**INPUT FOR THIS TASK:**
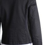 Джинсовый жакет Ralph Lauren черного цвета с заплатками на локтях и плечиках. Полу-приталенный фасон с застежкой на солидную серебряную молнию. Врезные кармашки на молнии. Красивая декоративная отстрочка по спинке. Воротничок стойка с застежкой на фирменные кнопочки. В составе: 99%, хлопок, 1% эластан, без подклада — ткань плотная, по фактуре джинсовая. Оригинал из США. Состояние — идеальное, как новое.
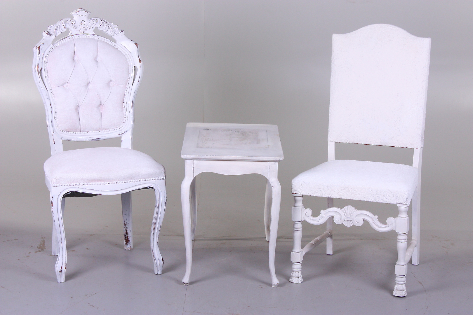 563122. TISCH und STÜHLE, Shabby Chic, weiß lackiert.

* * *

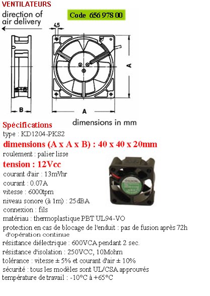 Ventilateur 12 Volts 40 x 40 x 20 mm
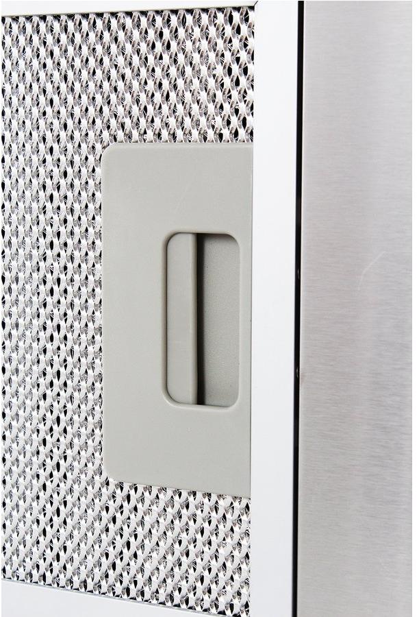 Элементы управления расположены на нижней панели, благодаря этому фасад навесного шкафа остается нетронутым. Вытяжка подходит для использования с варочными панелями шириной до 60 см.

...

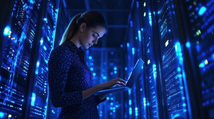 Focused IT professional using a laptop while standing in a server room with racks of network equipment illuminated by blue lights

**TASK PROMPT:**
Copy only this from above: the line containing "Джинсовый жакет Ralph", the line containing "563122. TISCH und", and all lines between, printed exactly. Leave out the pictures.

**RESPONSE FOR THIS EXERCISE:**
 Джинсовый жакет Ralph Lauren черного цвета с заплатками на локтях и плечиках. Полу-приталенный фасон с застежкой на солидную серебряную молнию. Врезные кармашки на молнии. Красивая декоративная отстрочка по спинке. Воротничок стойка с застежкой на фирменные кнопочки. В составе: 99%, хлопок, 1% эластан, без подклада — ткань плотная, по фактуре джинсовая. Оригинал из США. Состояние — идеальное, как новое.
 563122. TISCH und STÜHLE, Shabby Chic, weiß lackiert.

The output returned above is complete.